• **Task to carry out**
Transcribe every line below exactly; no image goes into the output.

• **The data**
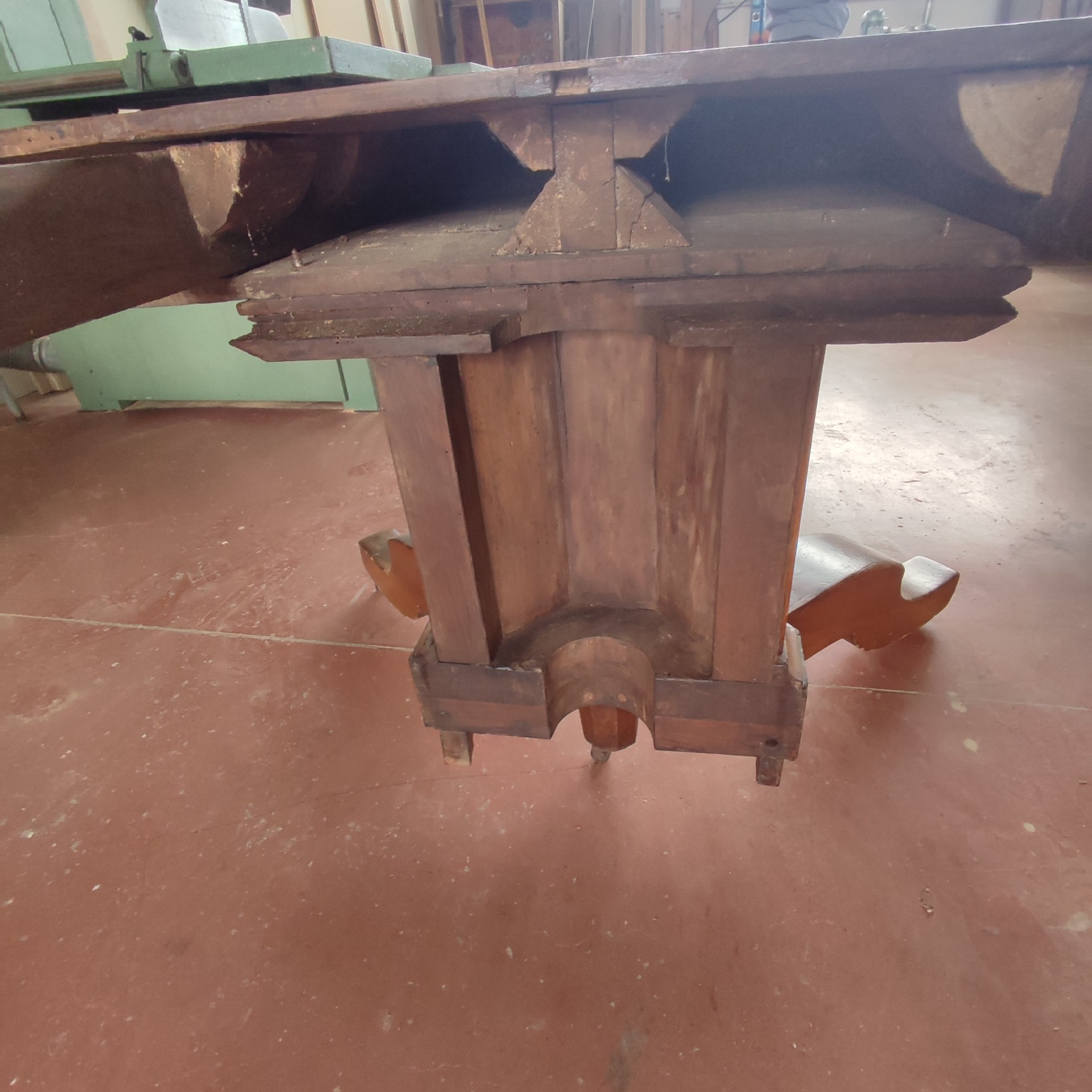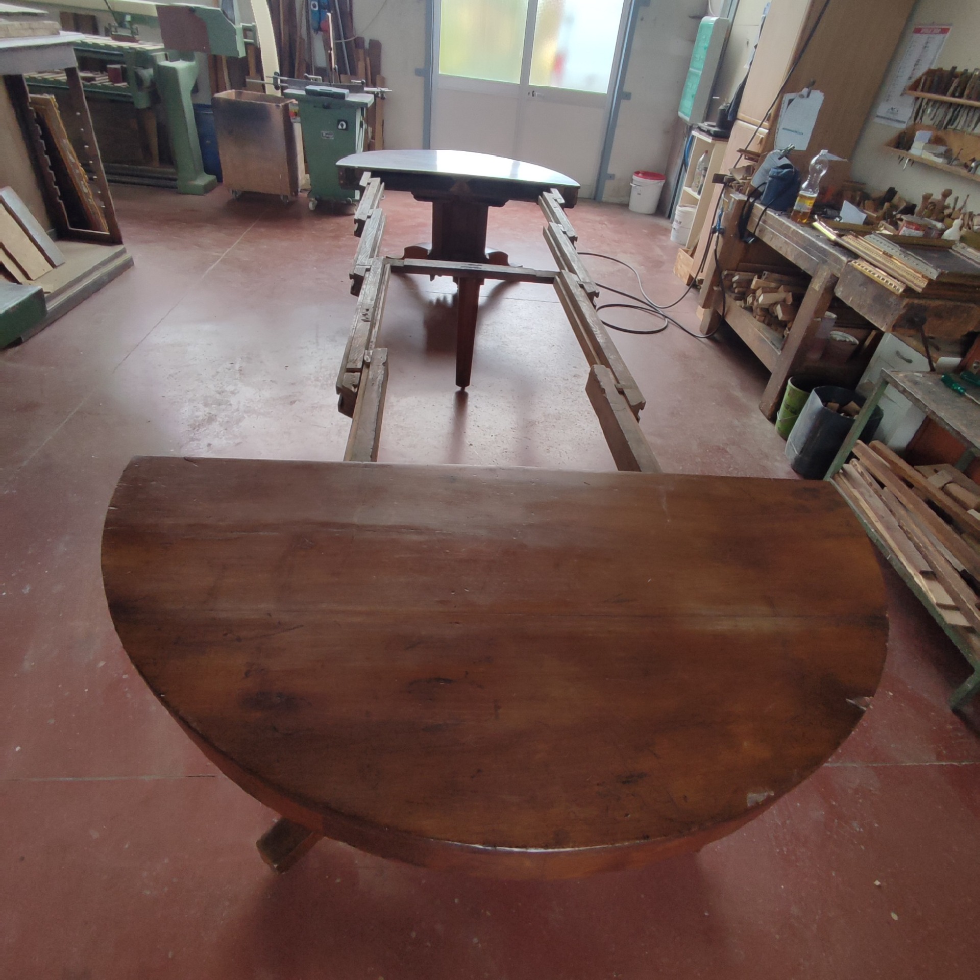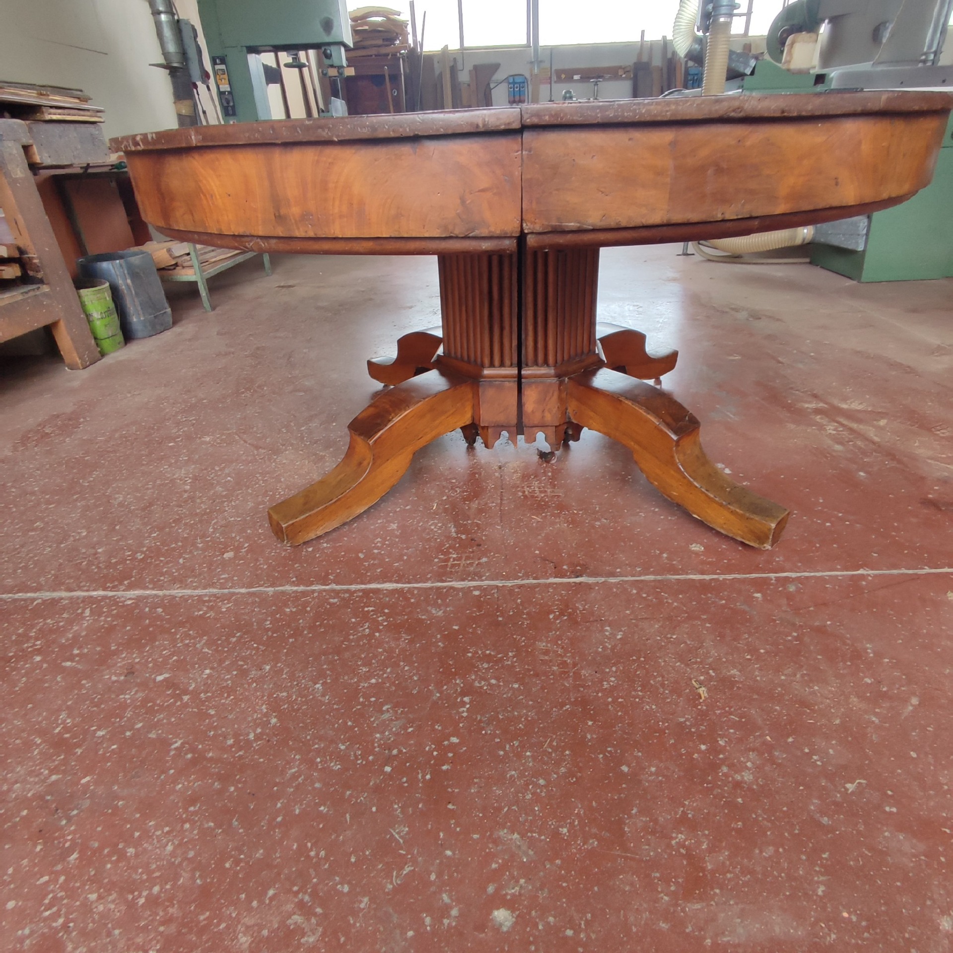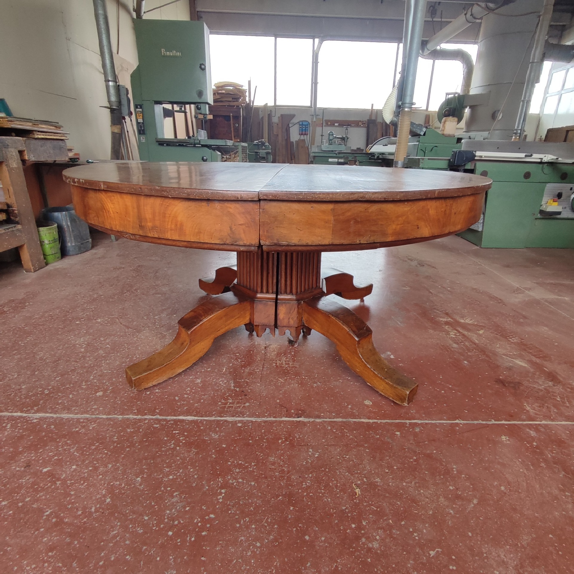 Large round extendable walnut table with support leg. Early 1800s period.Measurements:
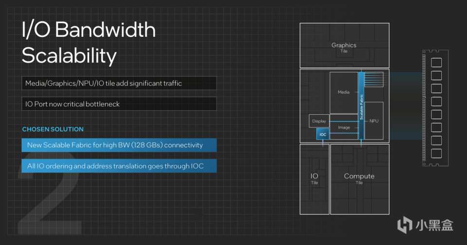 但Meteor Lake使用了全新的SOC帶寬擴展方式,使得所有IP的帶寬分配是實時匹配的,消除了IP與IP之間,IP與Ring總線之間,IP與I/O之間的溝通瓶頸。不僅如此,英特爾還添加了一個I/O的緩存模塊來管理I/O量和地址轉換,確保執行次序可以被更好的進行。
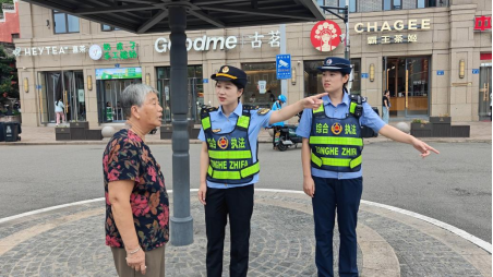 圖為女子執(zhí)法隊(duì)為游客指路

• **Exercise output**
 Large round extendable walnut table with support leg. Early 1800s period.Measurements:
 但Meteor Lake使用了全新的SOC帶寬擴展方式,使得所有IP的帶寬分配是實時匹配的,消除了IP與IP之間,IP與Ring總線之間,IP與I/O之間的溝通瓶頸。不僅如此,英特爾還添加了一個I/O的緩存模塊來管理I/O量和地址轉換,確保執行次序可以被更好的進行。
 圖為女子執(zhí)法隊(duì)為游客指路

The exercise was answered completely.